- [THE PROBLEM]
What is printed must match, line for line, the records from their first line through the line containing "red cabbie cap, badges, red", with pictures left out.

- [EXCERPTED RECORDS]
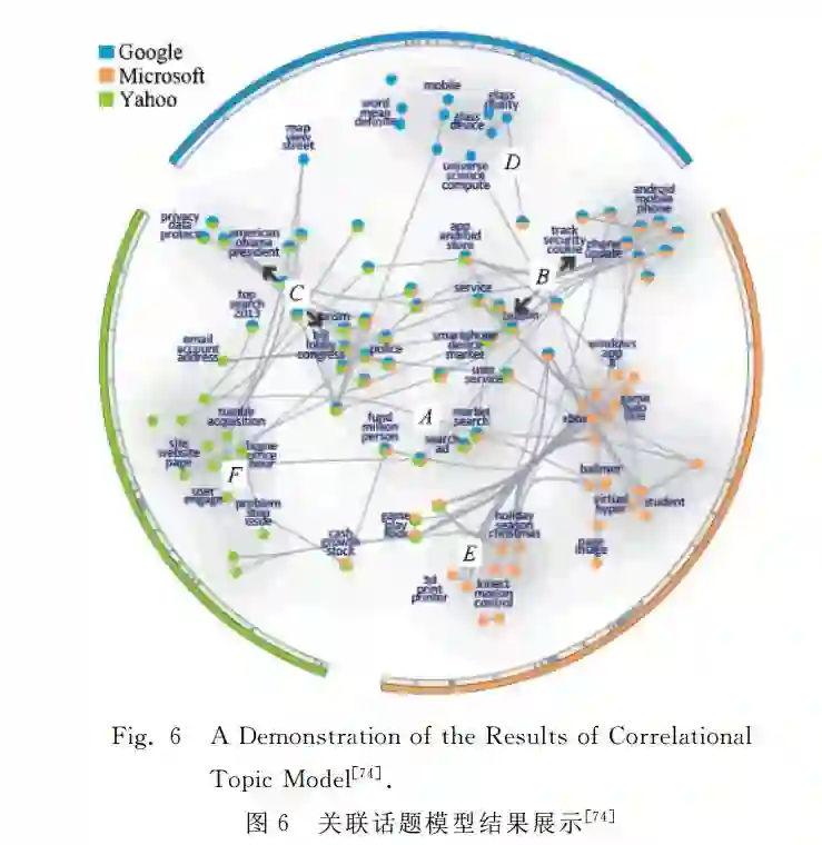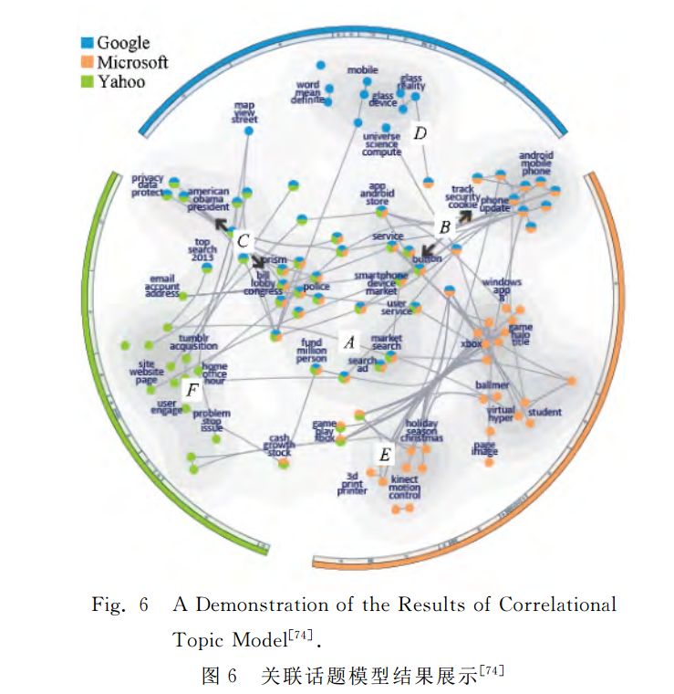 在上述大规模主题图结构的学习基础上,进一步开发了“主题全景图”(TopicPanorama)可视化界面,它可以将多个主题图结构进行融合,并且以用户友好的方式展现在同一个界面上,如图6所示,其中每个节点代表一个主题,节点之间的边代表相关联关系,边的长度代表关联强度,所用数据集为微软、谷歌、雅虎等3个IT公司相关的新闻网页。该可视化工具具有多种交互功能,用户可以使用放大或缩小功能对主题图的局部进行仔细查看,同时,也可以修改图的结构并反馈给后台算法进行在线调整。多位领域专家一致同意该工具可以方便分析社交媒体数据。更多具体描述参见文献[74]。
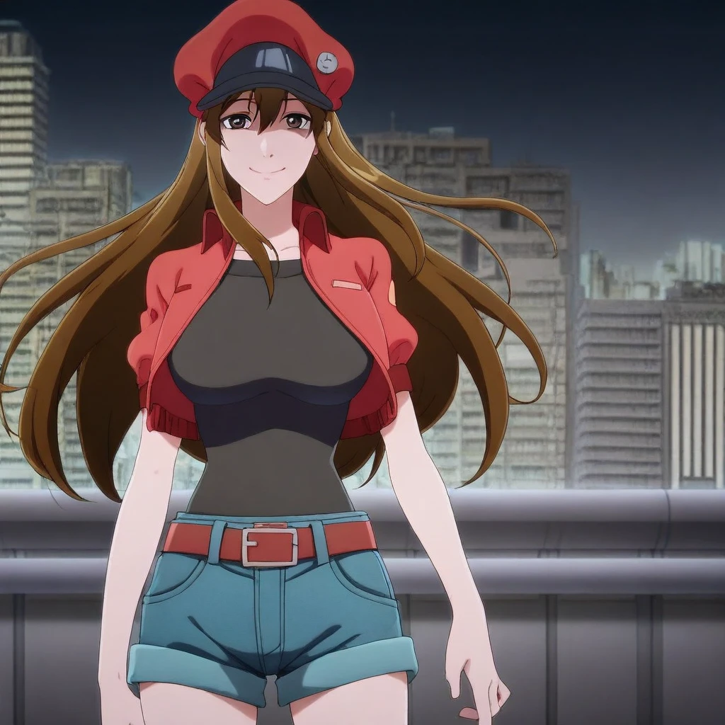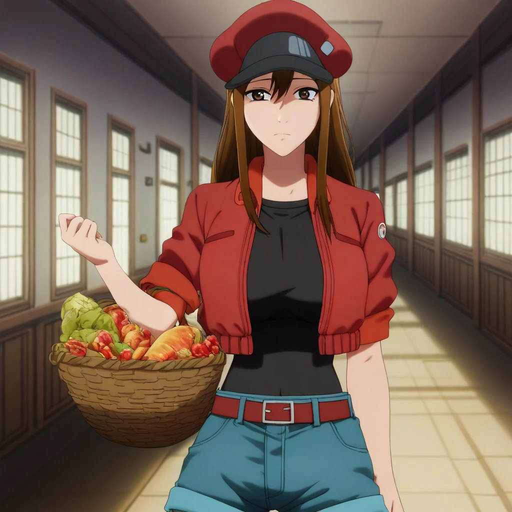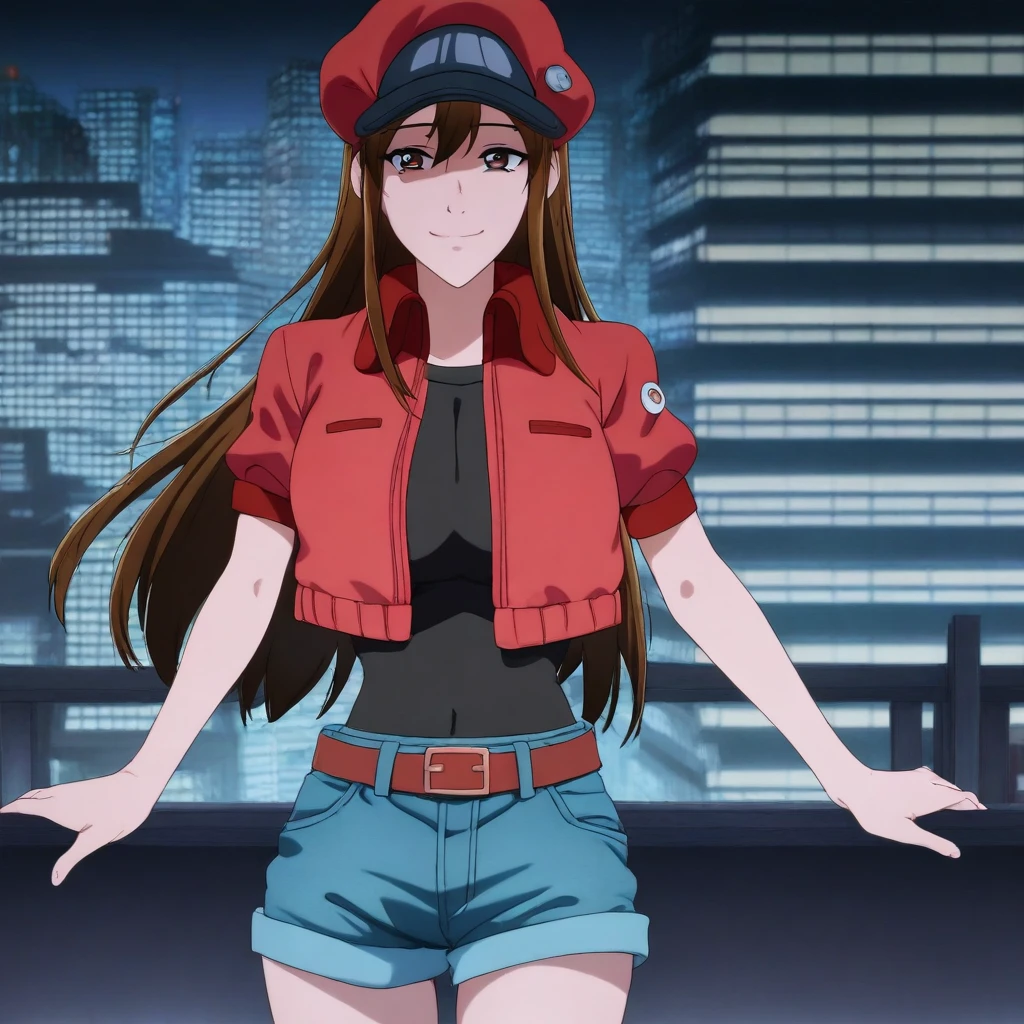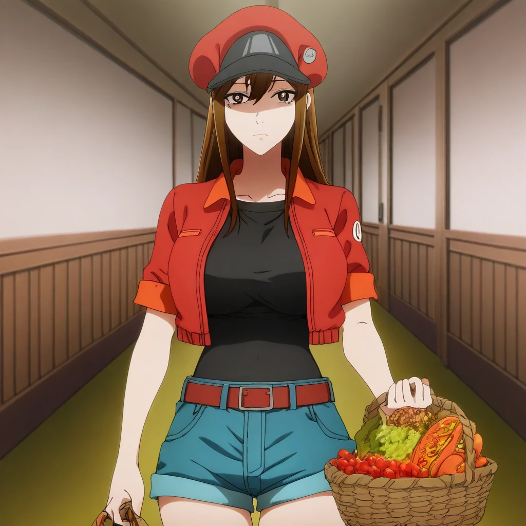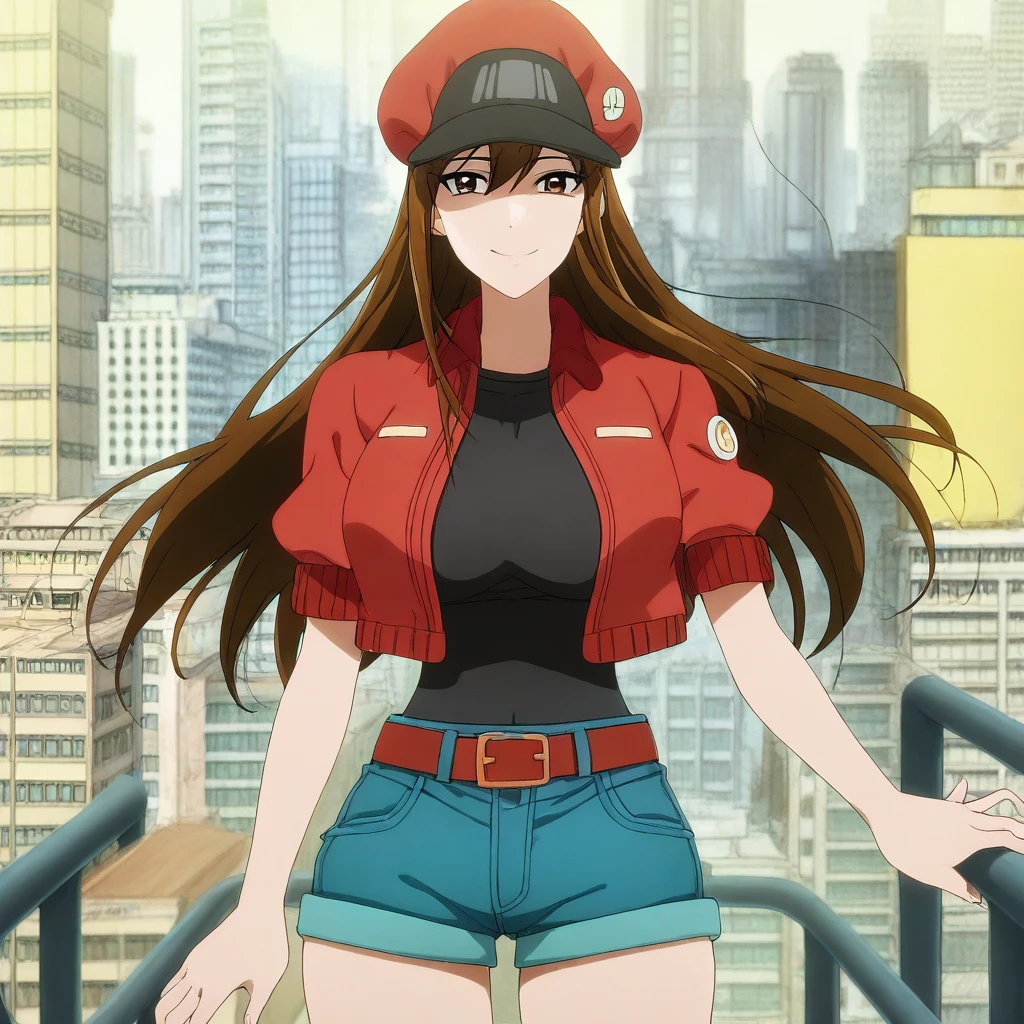 red cabbie cap, badges, red crop-top jacket, short-sleeves, black undershirt, belt, belt buckle, blue denim shorts,
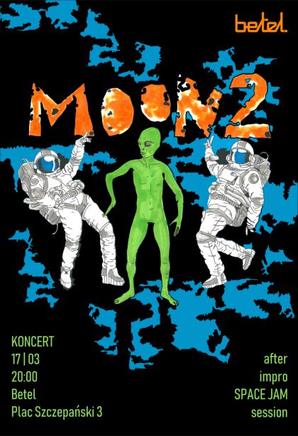 MOON2 to wirtualny świat z uproszczonymi prawami fizycznymi. W świecie tym dźwięki stają się obiektami, które podlegają naturalnym prawom fizycznym, takim jak grawitacja czy podmuch wiatru. Każdy koncert zespołu to nie tylko doznanie dźwiękowe, ale również intensywne doświadczenie wizualne: gesty performera są rejestrowane przy pomocy kamery i wpływają na dźwięki elektroniczne, zaprogramowane w języku SuperCollider. Gitara basowa oraz perkusja traktują swoje partie zarówno jako harmoniczno-rytmiczną bazę, jak i sonorystyczną improwizację.
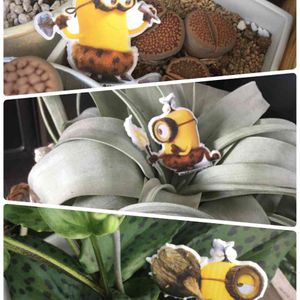 🏮ミニオン祭り🏮 うちには人形がないので、ぷくぷくシールで(≧︎艸≦︎)y💛💛💛 色んなところに出没‼️ あーそれはリトープスだから、割らないで‼️‼️‼️
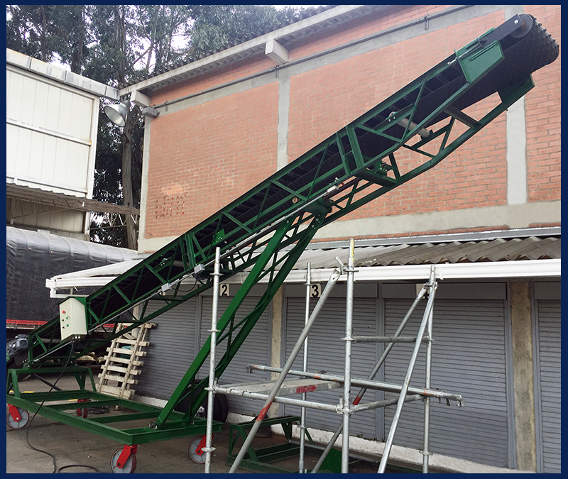 Estibadores de banda para cargue y descargue de camiones con bultos, cajas, canastas, etc.
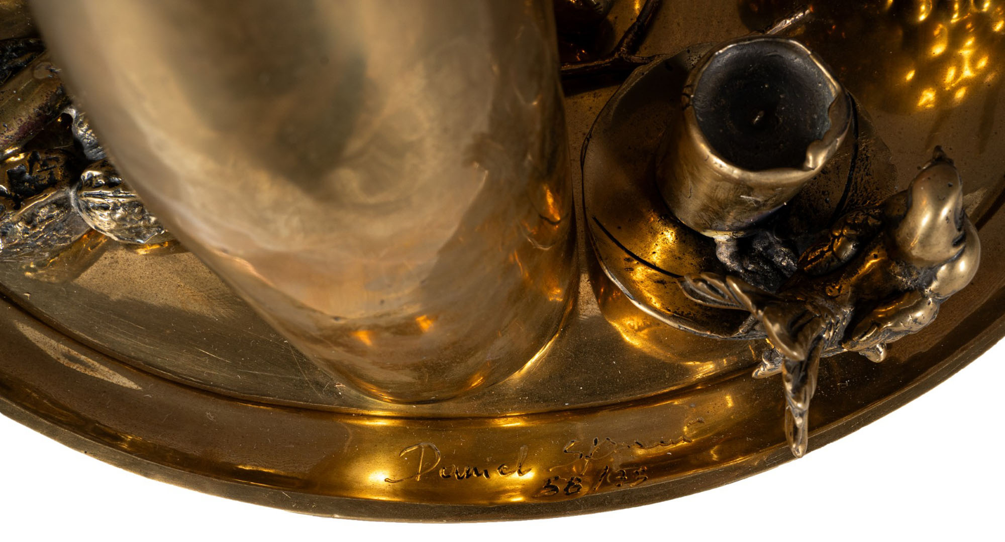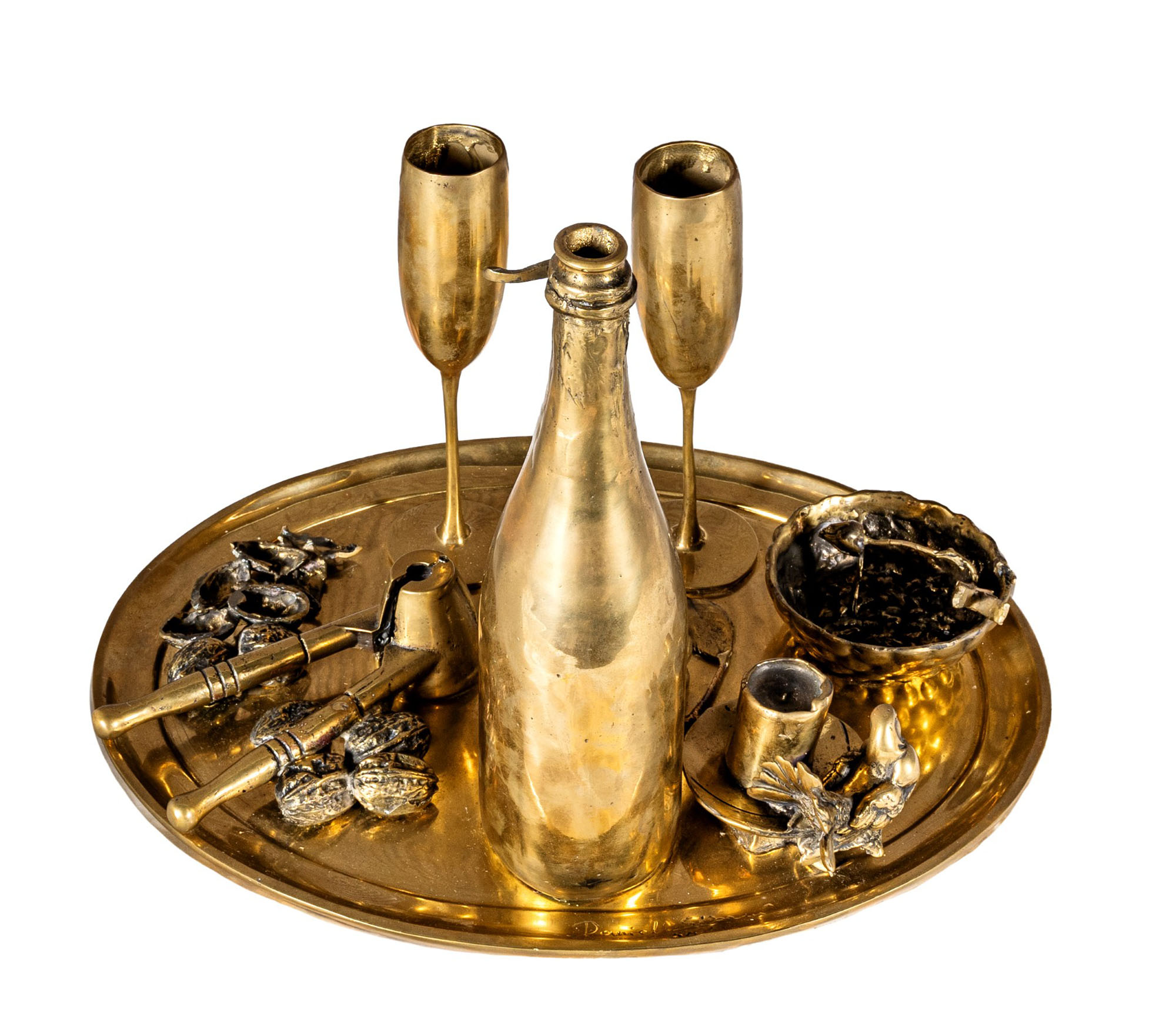 DANIEL SPOERRI(1930 - 2024)L'heure bleue1991Scultura in bronzo fusa a cera persa, es. 58/75 su una tiratura complessiva di 75 esemplari in numeri arabi e 30 esemplari in numeri romani43 x 34 x 30 cm circaFirma e numerazione incise sul piattoPROVENIENZA:Collezione privata, Pavia

- [RESPONSE TO THE TASK]
 在上述大规模主题图结构的学习基础上,进一步开发了“主题全景图”(TopicPanorama)可视化界面,它可以将多个主题图结构进行融合,并且以用户友好的方式展现在同一个界面上,如图6所示,其中每个节点代表一个主题,节点之间的边代表相关联关系,边的长度代表关联强度,所用数据集为微软、谷歌、雅虎等3个IT公司相关的新闻网页。该可视化工具具有多种交互功能,用户可以使用放大或缩小功能对主题图的局部进行仔细查看,同时,也可以修改图的结构并反馈给后台算法进行在线调整。多位领域专家一致同意该工具可以方便分析社交媒体数据。更多具体描述参见文献[74]。
 red cabbie cap, badges, red crop-top jacket, short-sleeves, black undershirt, belt, belt buckle, blue denim shorts,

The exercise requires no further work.